Duchenne muscular dystrophy (DMD) is a neuromuscular disorder caused by mutations in the dystrophin gene. DMD is reported to coexist with other comorbidities, although the occurrence of the triad, autism spectrum disorder (ASD), and epilepsy is very rare. Indeed, only one case of the triad has currently been reported. Here, we present a detailed case report of a ten-year-old boy with DMD, ASD, and epilepsy. We also investigated the dysregulation of miRNAs in this unusual triad (represented as DMD++) compared with a healthy individual and a DMD patient (represented as DMD+) without autism.

AIM

To understand the differential expression of miRNAs in rare comorbid DMD cases.

METHODS

The Sequin Form Board test, Gesell's drawing test, multiplex ligation probe amplification, and Vineland Social Maturity Scale were applied to confirm the DMD and ASD. Total RNA was isolated from samples using TRIzol. cDNA was synthesized using the Mir-X™ miRNA First-Strand Synthesis kit. qRT-PCR was performed using SYBR Advantage qPCR Premix. The results were statistically analyzed using one-way analysis of variance with Tukey's t-test.

RESULTS

miR-146a-5p and miR-132-5p showed significant downregulation in both patient samples. miR-199a-5p and miR-146a-3p showed no change in expression between the diseased and controls. miR-132-3p showed downregulation only in the DMD+ sample (0.21 ± 0.04). The decrease in miR-132-3p can result in failed silencing of the phosphatase and tensin homolog-mediated apoptotic pathway, leading to severe skeletal muscle atrophy. Here, the downregulation of miR-132-3p in DMD+ is consistent with severe muscle loss and higher disease progression than that in DMD++. DMD++ has slower disease progression, and the expression of miRNA involved in inflammatory and apoptotic responses is more similar to that of the control.

CONCLUSION

Our study shows marked difference in miRNA expression in this rare case of DMD with autism and epilepsy. These miRNAs also serve as regulators of several muscle regeneration, apoptosis, and inflammatory pathways. This study shows the significance of studying miRNAs in such rare cases in a larger cohort to progress in several intervention treatments utilizing miRNAs.

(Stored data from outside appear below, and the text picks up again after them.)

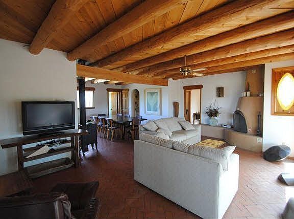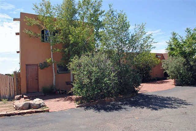 DON'T WAIT THIS IS GOING BACK TO THE BANK AT END OF AUGUEST. Classic Santa Fe Style house and guest house. The passive solar primary residence is single level, 1513 sqf with 3 bedrooms and 2 full baths. Split bedroom design. Spacious master bedroom has a special nook for an office or reading room as well as a private patio. The Kitchen has custom cabinets, granite counters and stainless steel appliances. Hand-peeled vigas and brick floors throughout. Enjoy the views from the fully landscaped courtyard, large, walled and secluded. In addition to the main 1513 sqf the home has a finished 634 sqf garage, plus a stuccoed outbuilding. The attached 768 sqf guesthouse has a kiva fireplace, 2nd floor bedroom and private yard. Convenient fully paved driveway. Eldorado offers a pool, tennis, basket ball and volley ball courts. As well as biking, dog-walking and hiking trails, nearby shopping, a community center, library,and senior center
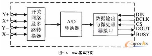 觸摸屏控制器有多種,主要的功能均是在微處理器的控制下向觸摸屏的兩個方向分時施加電壓,并將相應(yīng)的電壓信號傳送給自身A/D轉(zhuǎn)換器,在微處理器SPI口提供的同步時鐘作用下將數(shù)字信號讀入微處理器。控制器ADS7846基本結(jié)構(gòu)如圖2所示。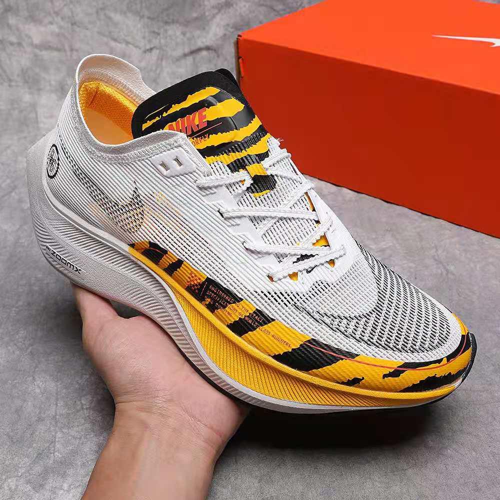 Nike ZoomX, a nossa espuma mais resiliente, acabou de ficar ainda melhor. Ao correr do calcanhar aos pés, ele desbloqueia ainda mais retorno de energia do que antes e ajuda a reduzir o peso com uma forma convexa na parte interna do pé para uma passada mais estável. Um placa de fibra de carbono em todo o calçado fornece uma sensação rígida e propulsiva.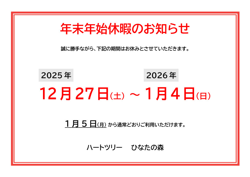 2025年12月2日 / 最終更新日時 : 2025年12月2日 ht_admin お知らせ ハートツリー 2025年度年末年始休暇のご案内 誠に勝手ながら、12/27(土)~ 1/4(日)はお休みとさせていただきます。1/5(月)から通常どおりご利用いただけますので、どうぞよろしくお願いいたします。※あづまプラッツに関しても、上記と同様の日程です。 Follow me!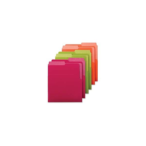 Smead Vertical File Folder, Ltr, ASMT2, 6/PK, AST Bright Tones. Heavyweight vertical file folders let you file and organize your documents upright like you print and read them. These super durable, heavyweight water-resistant files stand up to extensive use. The dual-tab lets you label the file for both vertical and horizontal use—perfect for desktop, backpacks and drawers. Closed on two sides for extra security. Scored on the front for easy access to papers. File Folder Size Type: Letter; File Folder Color: Assorted; Color Family: Multicolor; File Folder Color Assortment: Fuchsia; Orange; Peridot Green.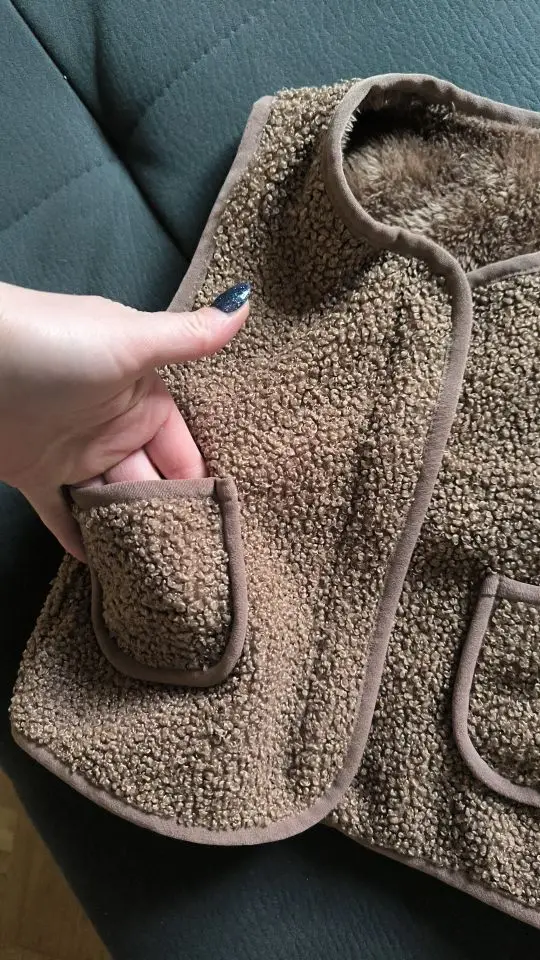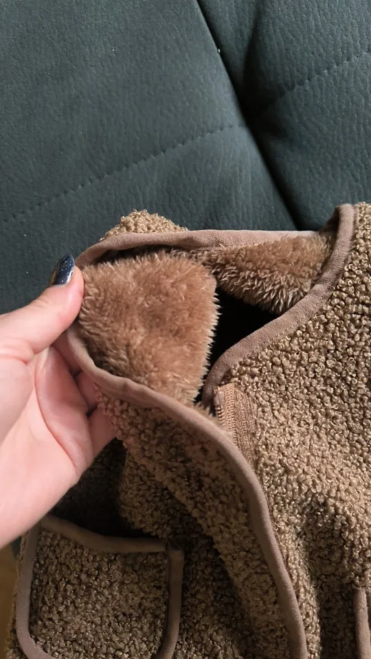 What sets this vest apart from a standard faux fur layering piece is the double-sided construction. The outside is a curly, bouclé-style sherpa fleece with a soft, tactile texture that looks as good as it feels. The inside is lined with a completely different fabric: a deep, silky-soft plush faux fur that sits against the skin and traps warmth with much more effectiveness than a standard satin lining.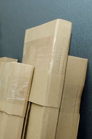 Stacks of cardboard boxes The concept of delivery and unloading of goods, cardboard boxes. Heap of packings from paper, carton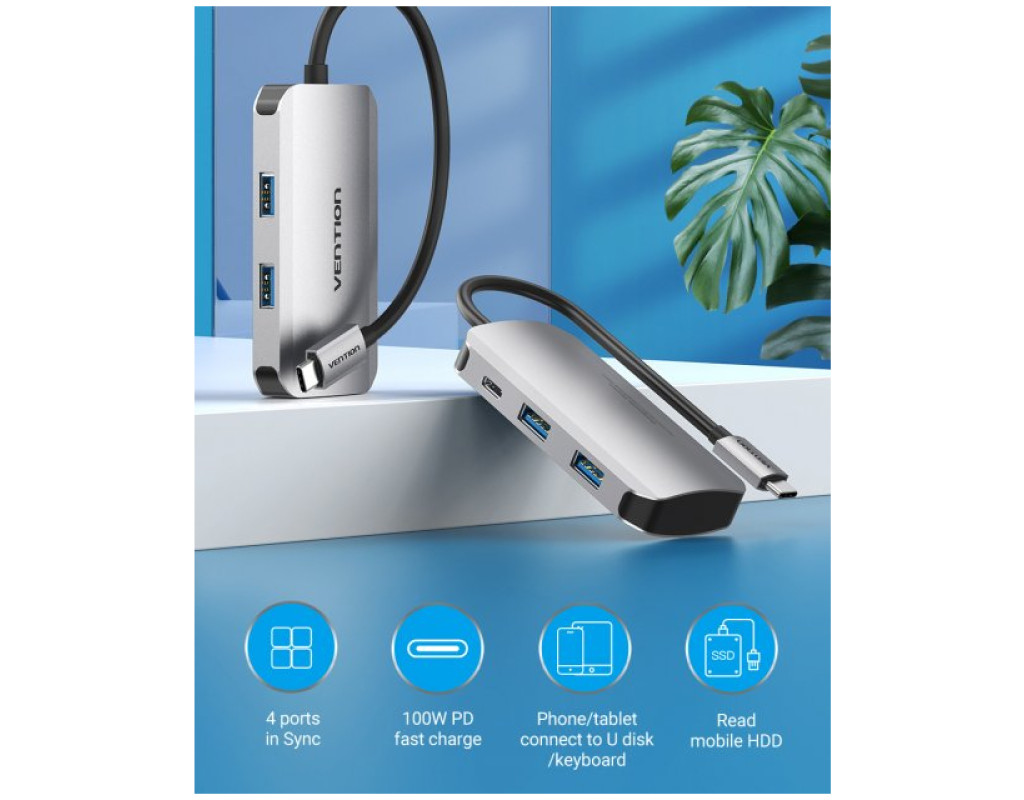 Мультифункціональний хаб Vention з роз'ємом USB Type-C дає змогу збільшити кількість роз'ємів на вашому пристрої. |

Keywords: Duchenne muscular dystrophy; Dystrophin; miRNA; Autism spectrum disorder; Phosphatase and tensin; Inflammatory response

Core Tip: This study presents a rare case of a ten-year-old boy with Duchenne muscular dystrophy (DMD) coexisting with autism spectrum disorder and epilepsy. By investigating the differential expression of miRNAs, we identified a significant downregulation of miR-132-3p in the DMD patient compared to the comorbid DMD case. This suggests that miR-132-3p downregulation may have contributed to accelerated muscle atrophy through failed silencing of the phosphatase and tensin homolog-mediated apoptotic pathway. Our findings emphasize the importance of studying such rare DMD comorbidities to enhance understanding of disease heterogeneity and improve diagnosis and treatment strategies.